Rampage

Been one hell of a night. Canada went on a rampage last nght. He went into a mutual room that we've frequented over the past 18 months (on a daily basis) and threw our dirty laundry all through the lobby. He posted intimate pictures of me that I had given him in confidence (as lovers do at times) on his msn, and people were logging in deliberately to take part of my humiliation.

My phone rang several times, starting at 4am this morning and each time I answered it was hung up in my ear. He's pissed...big time. He eventually spoke to me on the last call...forced me into a corner and refused to stop harrassing me unless I told him I didn't love him, that I'd never loved him and that I loved England more. I couldn't say it. After much tooing and froing and a lot of him yelling questions but not allowing me to answer....I said "I do love you, but I love him more"...that's apparently not what he wanted to hear, but he said goodbye and hung up.

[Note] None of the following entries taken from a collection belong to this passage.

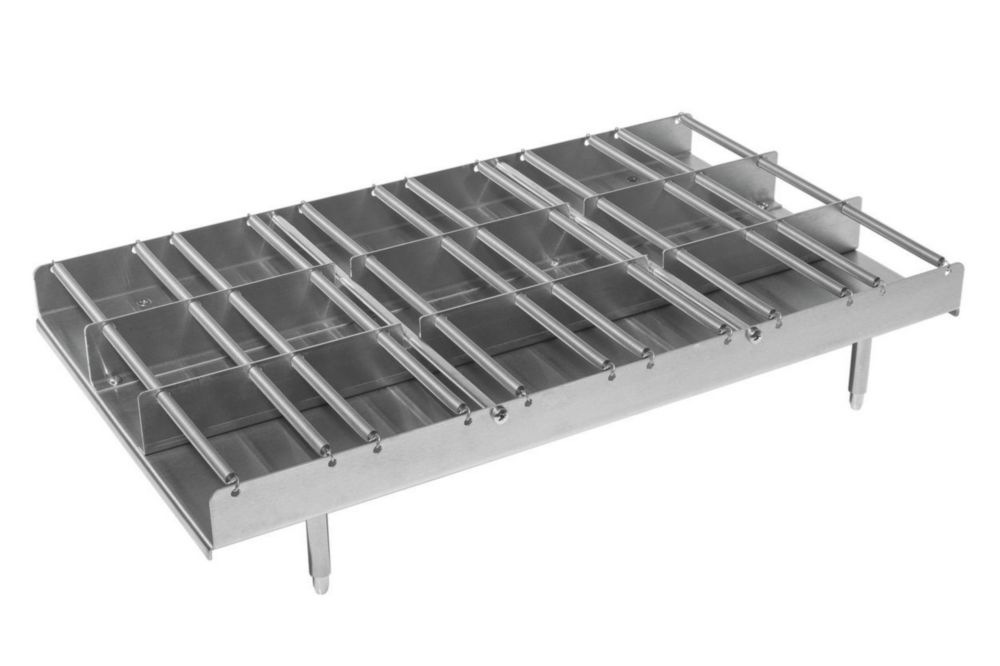 Trays made of stainless steel for secure positioning of Erlenmeyer flasks in the shaking water bath.
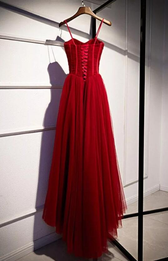 A Line Straps Burgundy Tulle Long Party Dresses
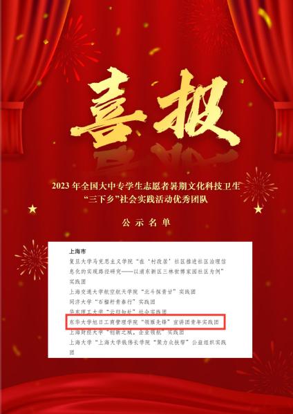 近日,共青团中央对2023年全国大中专学生志愿者暑期文化科技卫生“三下乡”社会实践活动表现突出的单位、团队、个人和成果进行通报表扬,管理91直播“领雁先锋”宣讲团青年实践团获评“三下乡”社会实践全国优秀团队,为91直播在该国家级社会实践赛事上的首次获奖,实现历史性突破。
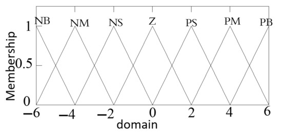 To satisfy the tractor’s intricately changing farming environment, the basic universes of the tillage depth difference and its change rate are, respectively, taken as [−12,12] and [−50,50], and the universe of adjustment u is taken as [−3.6,3.6]; and the three variables are all with [−6,6] as their fuzzy universe. At the same time, to cover each variable more comprehensively, 7 subsets {NB, NM, NS, Z, PS, PM, PB} are selected to show the dynamics of each parameter. The subsets of respectively indicate that the current tillage depth is compared with the set tillage depth as: “extremely large depth”, “great depth”, “general depth”, “same depth”, “shallow depth”, “very shallow depth”, “extremely shallow depth”; the subset of means “very fast deepening speed”, “higher deepening speed”, “slower deepening speed”, “changing speed unchanged”, “slower shallowing speed”, “faster shallowing”, “extremely fast shallowing”, and the membership relationship between each variable is described with a triangle, as shown in Figure 4.
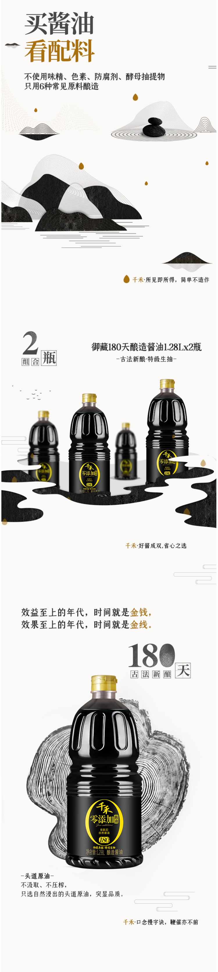 天猫V榜推荐,千禾 180天酿造 零添加酱油,就是原来的千禾头道原香特级生抽,采用黑龙江非转基因脱脂大豆,水源来自岷山雪域高原之水,38道工序,180天发酵,封罐秘制,氨基酸态氮含量1.1,不添加任何人工添加剂,口感醇厚,香味浓郁。
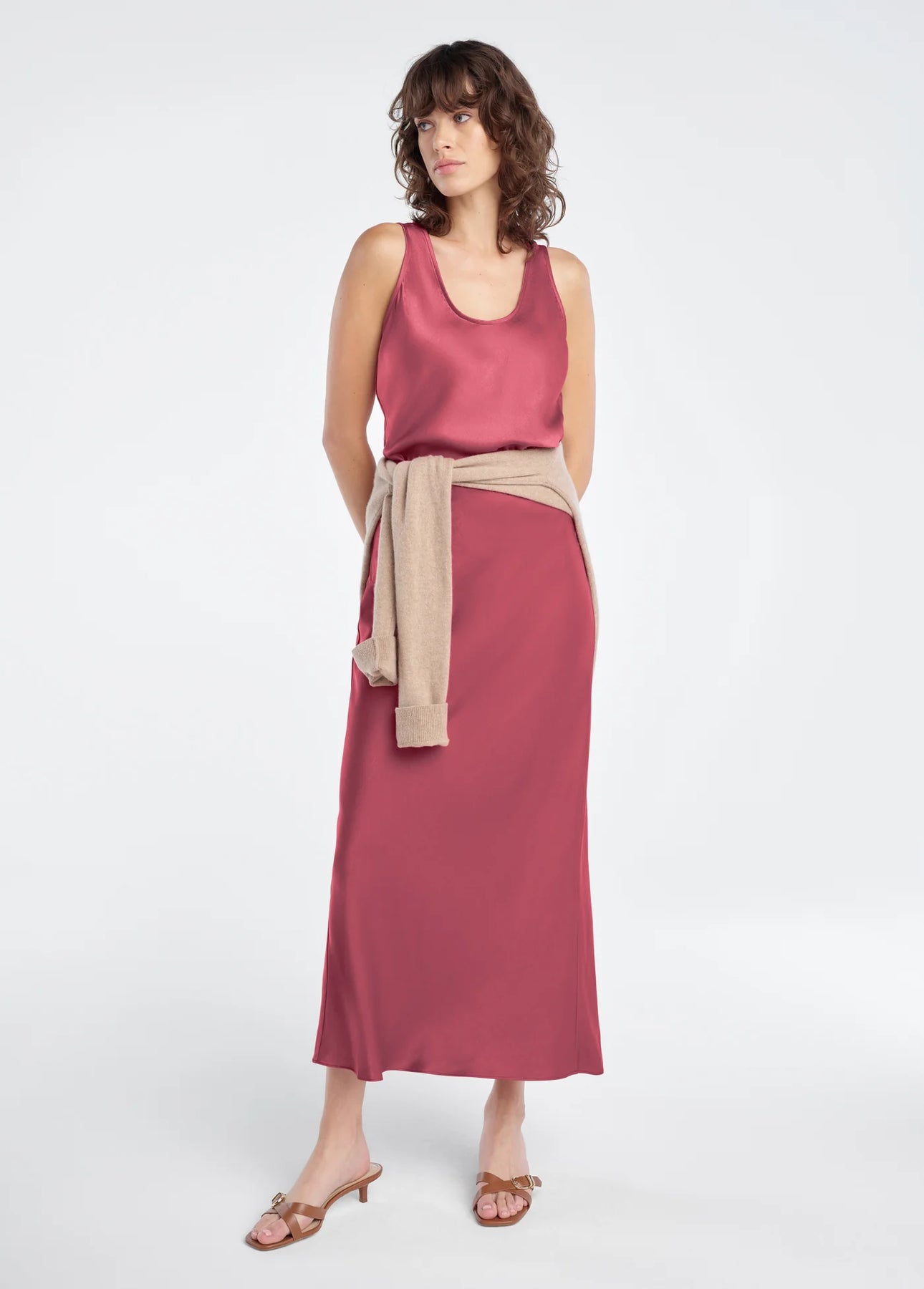 For special occasions. Any occasion, actually. The bias-cut Favorite Skirt in our Earth Red has a high, pull-on waist and a billowy fit that hugs in all the right places. Measuring 34.5" from waistband to hem, it's cut from hammered satin that's super easy to style up or down.
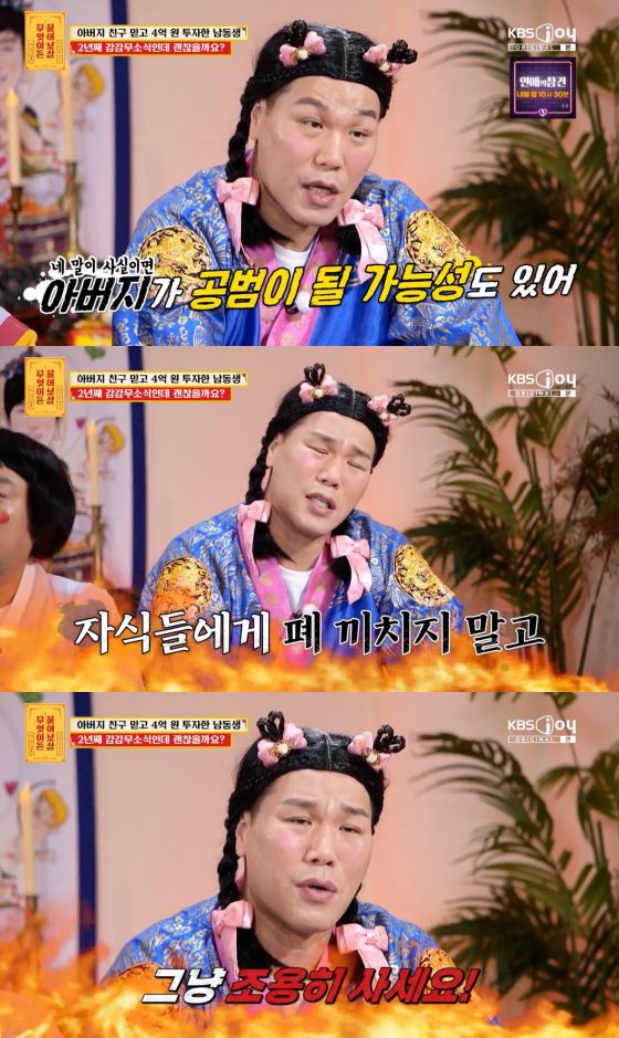 13일 방송된 KBS Joy 예능 프로그램 '무엇이든 물어보살'에는 평생 고물상을 하며 모은 돈 4억 원을 날릴 위기에 처한 사연자가 출연했다.
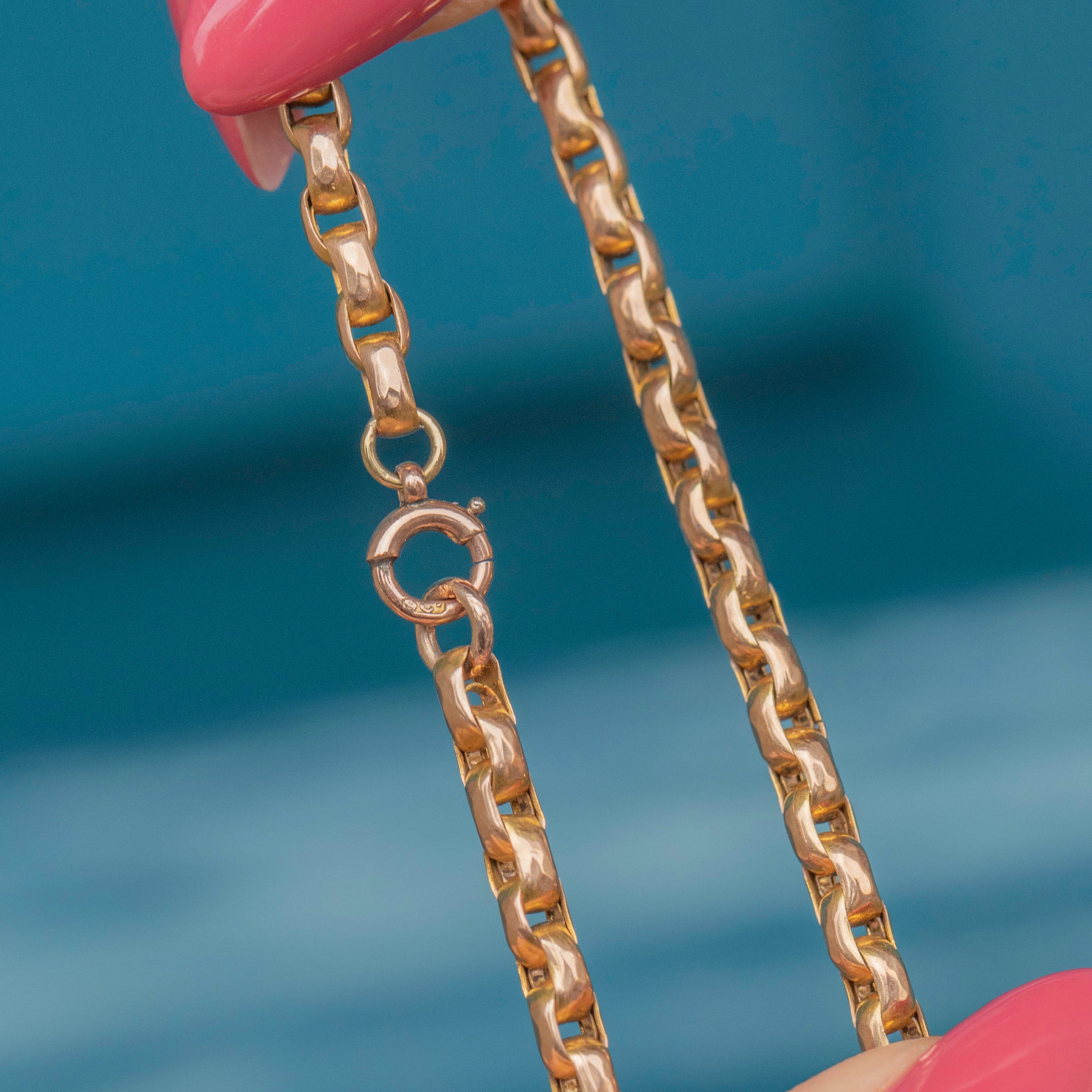 VERY GOOD-EXCELLENT. A characterful 18" antique 9ct Gold ball and tether belcher chain in wonderful condition. Her links are all well-connected and intact, and the bolt ring fastens firmly shut, so you can wear her with confidence. Whilst there is some light wear to the ball and tether details, this is very subtle! All in all, she is a gorgeous chain to complete your collection.
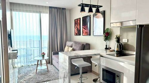 Discover your new home in the heart of Jomtien at The Riviera Jomtien, one of Pattaya’s most sought-after addresses. This inviting 1-bedroom flat offers 35 square meters of comfortable living space, perfectly positioned on the 11th floor of a stunning 46-story building.

The turmoil about choice and what to do about this whole situation has haunted me for several weeks now. It had to be done and I have to be strong about it. If I had any doubt that I'd made the wrong decision, this has only confirmed that I made the right one. I realise he's angry, and fair enough....he has a right to be.

It's a shame that things get to the stage where people become bitter and twisted about life and love in general. There is always fall out caused by such episodes. But as unhappy as I am about hurting him so badly, and as uncertain as I am about my future with England, I have to be true to myself first and foremost...and if I lose England due to any of this, so be it...I have noone to blame but myself. But I have to give it my all to see where it goes. I owe that much to him.

Here's to fresh starts and strength of character...I need both to get through this. 2005 has got to be the year for me, I want to stop deliberating over every last detail of every damn thing that goes on. I need my life back.